◆ SOURCE INFORMATION ◆
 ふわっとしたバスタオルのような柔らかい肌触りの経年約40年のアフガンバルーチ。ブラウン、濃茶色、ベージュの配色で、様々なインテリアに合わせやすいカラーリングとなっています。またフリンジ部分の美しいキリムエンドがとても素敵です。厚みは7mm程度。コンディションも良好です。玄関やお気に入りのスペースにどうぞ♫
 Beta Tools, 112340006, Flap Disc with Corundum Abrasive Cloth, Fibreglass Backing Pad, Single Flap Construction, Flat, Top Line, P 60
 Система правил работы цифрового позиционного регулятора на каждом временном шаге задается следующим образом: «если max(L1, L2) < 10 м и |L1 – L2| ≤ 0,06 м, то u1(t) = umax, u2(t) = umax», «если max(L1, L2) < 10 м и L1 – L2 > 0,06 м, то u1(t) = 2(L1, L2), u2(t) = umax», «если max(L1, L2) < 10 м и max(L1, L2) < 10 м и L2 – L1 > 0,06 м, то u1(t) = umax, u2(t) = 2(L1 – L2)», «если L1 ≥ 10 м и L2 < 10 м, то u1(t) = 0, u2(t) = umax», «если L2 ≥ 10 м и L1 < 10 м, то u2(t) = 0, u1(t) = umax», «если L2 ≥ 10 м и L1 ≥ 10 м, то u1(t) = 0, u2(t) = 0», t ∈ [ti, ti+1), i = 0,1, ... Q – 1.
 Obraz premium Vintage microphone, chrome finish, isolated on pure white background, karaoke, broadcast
---
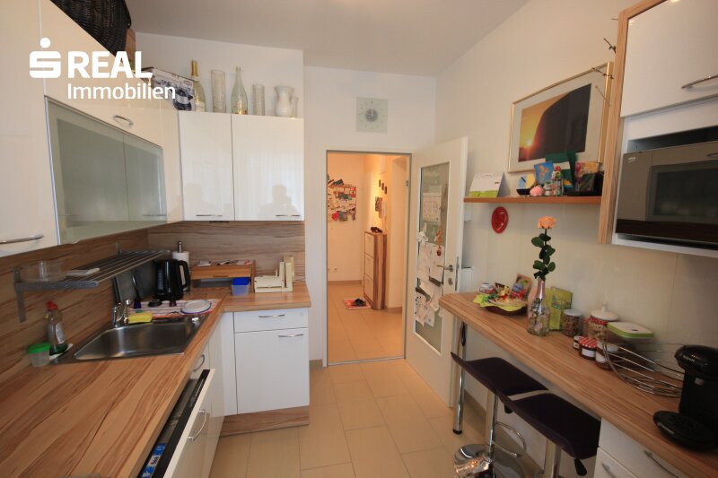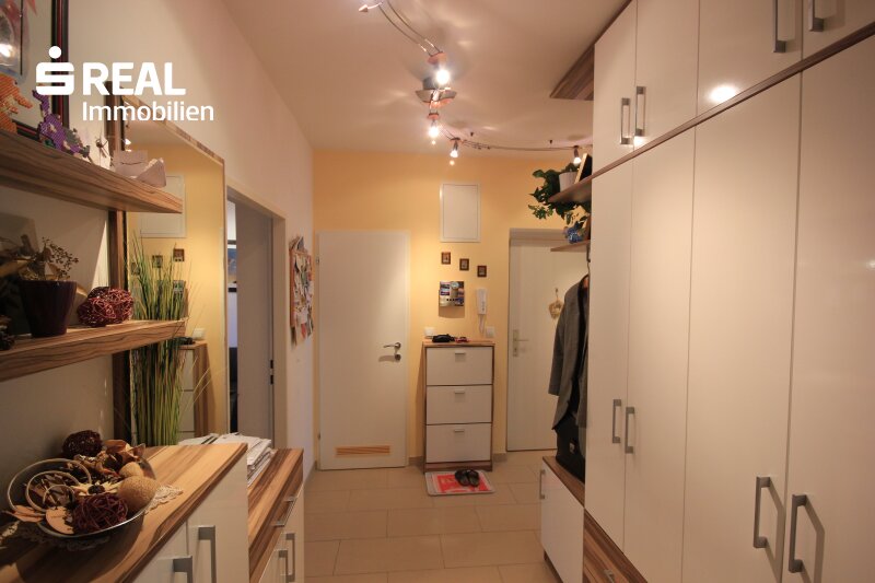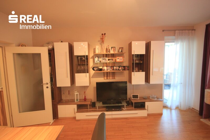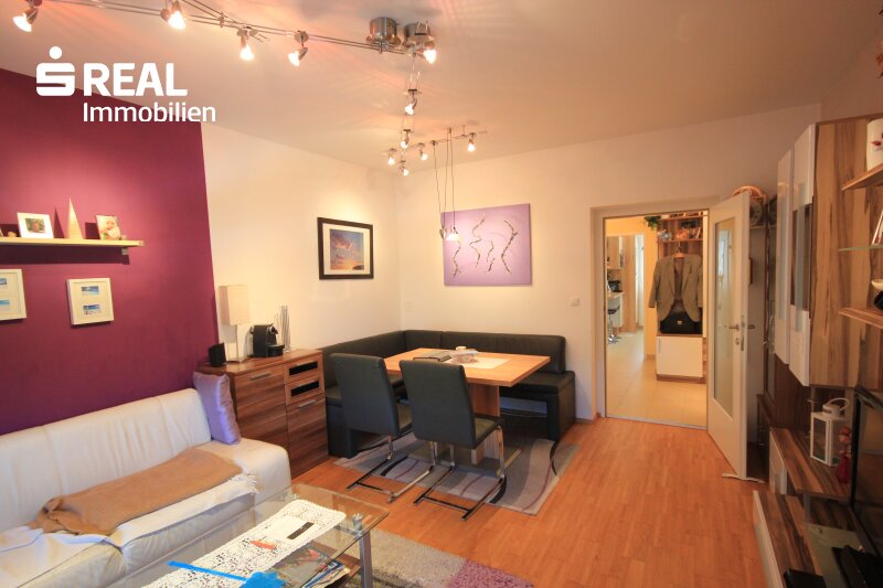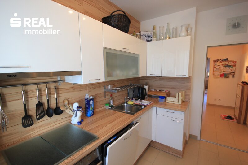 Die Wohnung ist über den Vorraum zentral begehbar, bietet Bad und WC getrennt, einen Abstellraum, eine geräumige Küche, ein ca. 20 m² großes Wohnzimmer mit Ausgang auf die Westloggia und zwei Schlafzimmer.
...
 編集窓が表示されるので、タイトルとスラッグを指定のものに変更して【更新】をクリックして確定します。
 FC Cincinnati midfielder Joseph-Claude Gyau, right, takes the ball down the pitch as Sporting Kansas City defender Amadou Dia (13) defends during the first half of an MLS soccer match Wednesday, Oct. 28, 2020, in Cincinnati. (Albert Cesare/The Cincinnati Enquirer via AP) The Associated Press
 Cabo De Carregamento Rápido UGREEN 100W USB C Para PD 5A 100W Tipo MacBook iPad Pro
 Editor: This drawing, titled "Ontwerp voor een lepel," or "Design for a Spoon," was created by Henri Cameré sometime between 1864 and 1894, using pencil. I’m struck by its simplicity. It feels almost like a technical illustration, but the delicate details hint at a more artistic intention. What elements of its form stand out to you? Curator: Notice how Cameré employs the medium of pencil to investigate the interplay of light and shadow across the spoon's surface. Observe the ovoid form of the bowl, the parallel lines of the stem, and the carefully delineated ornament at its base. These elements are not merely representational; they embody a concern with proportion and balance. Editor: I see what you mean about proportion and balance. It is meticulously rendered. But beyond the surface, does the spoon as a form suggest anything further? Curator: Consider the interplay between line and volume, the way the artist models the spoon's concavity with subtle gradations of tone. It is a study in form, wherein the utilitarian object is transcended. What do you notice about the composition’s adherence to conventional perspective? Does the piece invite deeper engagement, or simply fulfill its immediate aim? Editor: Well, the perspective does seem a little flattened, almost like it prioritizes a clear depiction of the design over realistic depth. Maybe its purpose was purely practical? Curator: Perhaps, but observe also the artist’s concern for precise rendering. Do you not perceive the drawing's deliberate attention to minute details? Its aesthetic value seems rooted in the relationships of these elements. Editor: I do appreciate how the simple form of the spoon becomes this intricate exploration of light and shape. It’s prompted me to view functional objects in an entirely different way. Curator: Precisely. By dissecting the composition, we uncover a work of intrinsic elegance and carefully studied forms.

◆ PROBLEM STATEMENT ◆
Working from the records above, write out verbatim only the lines from the line containing "ふわっとしたバスタオルのよう" through the line containing "Obraz premium Vintage".

◆ EXERCISE ANSWER ◆
 ふわっとしたバスタオルのような柔らかい肌触りの経年約40年のアフガンバルーチ。ブラウン、濃茶色、ベージュの配色で、様々なインテリアに合わせやすいカラーリングとなっています。またフリンジ部分の美しいキリムエンドがとても素敵です。厚みは7mm程度。コンディションも良好です。玄関やお気に入りのスペースにどうぞ♫
 Beta Tools, 112340006, Flap Disc with Corundum Abrasive Cloth, Fibreglass Backing Pad, Single Flap Construction, Flat, Top Line, P 60
 Система правил работы цифрового позиционного регулятора на каждом временном шаге задается следующим образом: «если max(L1, L2) < 10 м и |L1 – L2| ≤ 0,06 м, то u1(t) = umax, u2(t) = umax», «если max(L1, L2) < 10 м и L1 – L2 > 0,06 м, то u1(t) = 2(L1, L2), u2(t) = umax», «если max(L1, L2) < 10 м и max(L1, L2) < 10 м и L2 – L1 > 0,06 м, то u1(t) = umax, u2(t) = 2(L1 – L2)», «если L1 ≥ 10 м и L2 < 10 м, то u1(t) = 0, u2(t) = umax», «если L2 ≥ 10 м и L1 < 10 м, то u2(t) = 0, u1(t) = umax», «если L2 ≥ 10 м и L1 ≥ 10 м, то u1(t) = 0, u2(t) = 0», t ∈ [ti, ti+1), i = 0,1, ... Q – 1.
 Obraz premium Vintage microphone, chrome finish, isolated on pure white background, karaoke, broadcast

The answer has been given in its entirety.